If you are familiar with a language like JavaScript, you tend to never think about how your variable is stored, except to deal with the scope of the variable. When you are making programs to run on a distributed system like a blockchain, you have to think about things a bit differently. Solidity works as a compiled language where each operation gets converted to a lower level opcode, which the EVM can understand an interpret. Every operation that you write on your program gets executed on every computer in the network, which is why every operation costs ‘gas’ to prevent spamming and infinite loops. In solidity, getting to know the machine readable operations and their associated cost literally saves you money.

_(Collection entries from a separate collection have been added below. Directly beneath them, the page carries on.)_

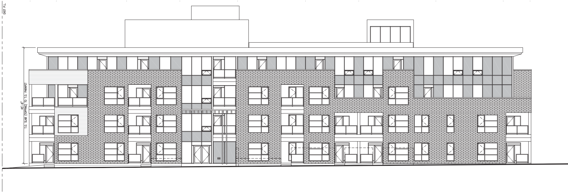
01 NORTH ELEVATION A301 SCALE: 1/8" = 1'-0"
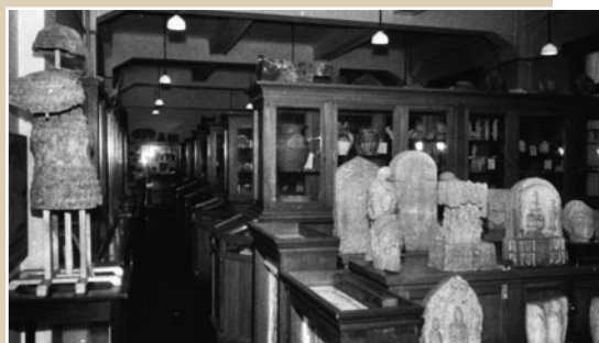
Chinretsukan's exhibition room

After three extensions to the original building, which was constructed in 1914, the Chinretsukan (Exhibition Hall) reached its final form as a square building surrounding a courtyard in 1929. The old brick building was partially reinforced with concrete during its final extension, but it remains a representative Kyoto University building of its time. The building was co-designed by Jihee Yamamoto, who designed many structures for higher education institutions and hospitals at the time, and Kyozeo Nagase. Yamamoto and Nagase later became the first and second directors of the Department of Engineering of Kyoto Imperial University. In addition to being a place for research and education, the Chinretsukan was an "open space" for the public exhibition of historical materials. Being equipped with a reception room, it also served as a place to receive guests until the Clock Tower was built in 1925.
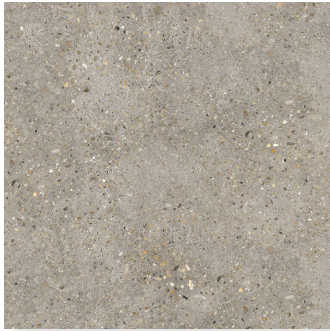
DS0154 Beige Matt P5/R10 300x600mm
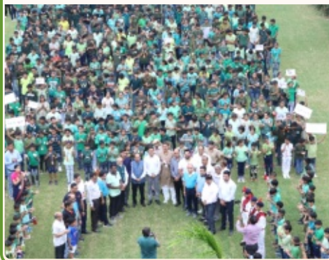
Rotary Club of Faridabad Industrial Town
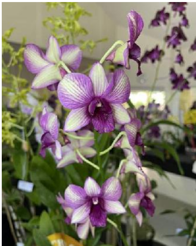
Phalaenanth-Spatulata Dendrobium hybrid
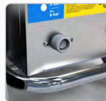
Water mains connection
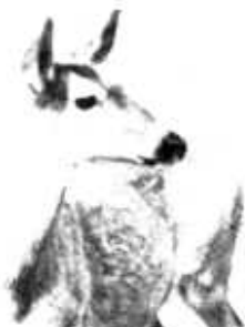
Stock still she stood.

So there we lay, the children and I. Time passed. I had finished my story. The children remained quiet. I was now playing my sweetest on my old harmonica. The little grassy dell, encircled by its dense thicket of young lodgepole pines, was filled with the strains of music as in a quiet room. Only an occasional sour note, blown from the one off-key reed of my instrument, stirred the children now and then into their delighted little laughs. My eyes were closed; I was completely absorbed in giving them the best renditions of my old favorites: "Tipperary;" "K-k-k-Katy;" "Sobre las Olas," etc., when suddenly I was roused from my reverie. With hushed, yet tense voices the children had cried: "Oh, there's a deer!" Yes, sure enough there was a deer. It was a doe. Bounding across the meadow, toward our thicket she came.

Gas optimization is a challenge that is unique to developing Ethereum smart contracts. To be successful, we need to learn how Solidity handles our variables and functions under the hood. Some of the techniques we cover will violate well known code patterns. Before optimizing, we should always consider the technical debt and maintenance costs we might incur.
Variables life cycle optimisations
Initialisation
Every variable assignment in Solidity costs gas. When initializing variables, we often waste gas by assigning default values, that will never be used.

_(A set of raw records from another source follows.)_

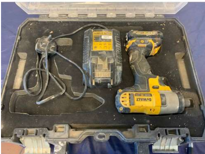
134. M - DEWALT 10V CORDLESS TEC GUN WITH CHARGER (DCF815)
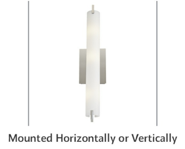
Mounted Horizontally or Vertically
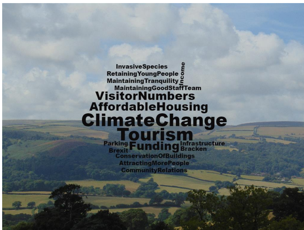
Above: Challenges that were suggested from our surveys and interviews.

Our survey built upon these existing challenges but also identified a new one. Pressure of tourism featured strongly. However, by far the most significant, in terms of the number of people who considered it, is climate change and the probably yet unknown effects it will have on the estate itself. Sustainable funding for the future of the estate was yet another issue. Some local people also believe that the National Trust should be there to support local people first in terms of housing and therefore limit increases in rental rates.
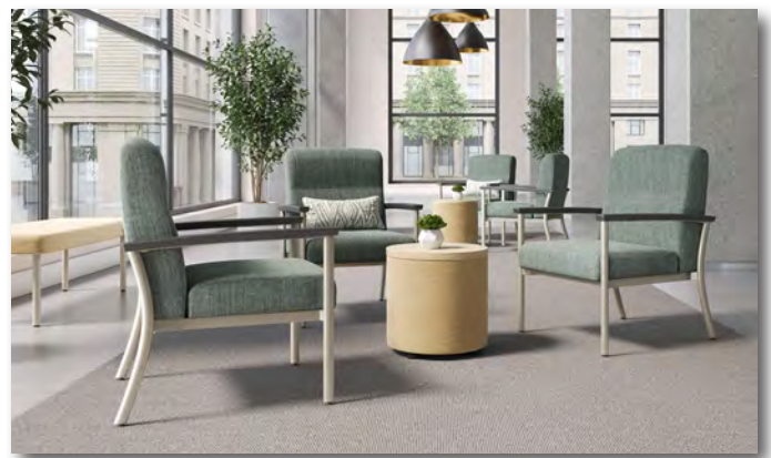
Lounge & Waiting
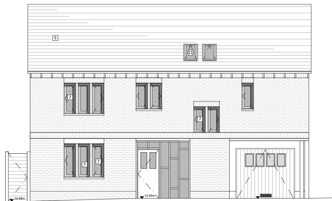
FRONT (NE) ELEVATION
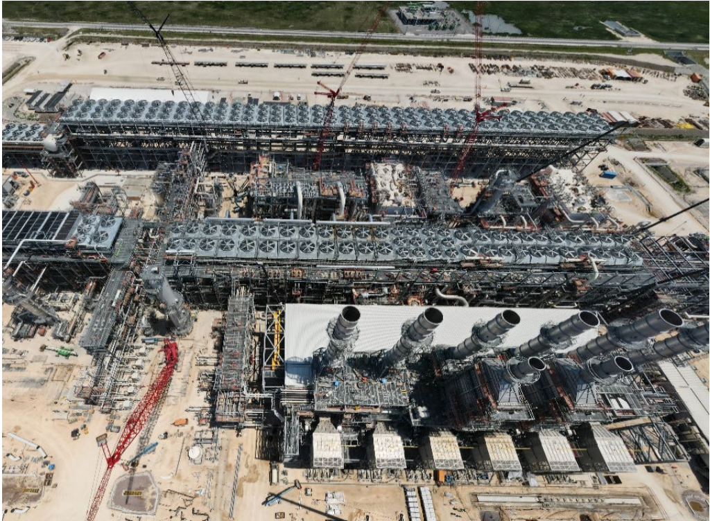
Progress at Train 6 facing East

uint256 value1; // this one is cheaper
uint256 value2 = 0;
Deletion
Ethereum gives us a gas refund when we delete variables. Its purpose is an incentive to save space on the blockchain, we use it to reduce the gas cost of our transactions. Deleting a variable refunds 15,000 gas up to a maximum of half the gas cost of the transaction. Deleting with the delete keyword is equivalent to assigning the initial value for the data type, such as 0 for integers.
Variable storage optimisations
Storing variables in memory, on a normal computer, is easy and cheap. However, blockchains are distributed systems, in which every node — or computer — has to store the data locally. That makes storing data expensive, this behavior is discouraged except where necessary.
Variable packing
Solidity contracts have contiguous 32 byte (256 bit) slots used for storage. When we arrange variables to fit in a single slot, it is called variable packing. Variable packing is like a game of Tetris. If a variable we are trying to pack exceeds the 32 byte limit of the current slot, it gets stored in a new one. We must figure out which variables fit together the best to minimize wasted space. Because each storage slot costs gas, variable packing helps us optimize our gas usage by reducing the number of slots our contract requires. Let’s look at an example:
uint128 a;
uint256 b;
uint128 c;
These variables are not packed. If b was packed with a, it would exceed the 32 byte limit so it is instead placed in a new storage slot. The same thing happens with c and b.
uint128 a;
uint128 c;
uint256 b;
These variables are packed. Because packing c with a does not exceed the 32 byte limit, they are stored in the same slot. Keep variable packing in mind, when choosing data types — a smaller version of a data type is only useful if it helps pack the variable in a storage slot. If a uint128 does not pack, we might as well use a uint256. Also pay attention to the upgradability aspect of your program — see the post about anti-patterns discussing the risks of the data separation pattern.
The other consideration is unpacking. As the EVM operates on 32 bytes at a time, variables smaller than that get converted. If we are not saving gas by packing the variable, it is cheaper for us to use 32 byte data types such as uint256.
Data location
Variable packing only occurs in storage — memory and call data does not get packed. You will not save space trying to pack function arguments or local variables.
Reference data types
Let’s look at the size of some common data types in Solidity:
- uint256 is 32 bytes
- uint128 is 16 bytes
- uint64 is 8 bytes
- address (and address payable) is 20 bytes
- bool is 1 byte
- string is usually one byte per character
You can further break down a uint into different sizes, uint8, uint16, uint32… just keep in mind that your integer will overflow if you are using solidity version < 0.8.0 or your function will fail if you are using version > 0.8.0. The largest number is calculated as 2^(number of bits) — 1, meaning uint8 goes up to ((2⁸) — 1) = 255 before your function fails.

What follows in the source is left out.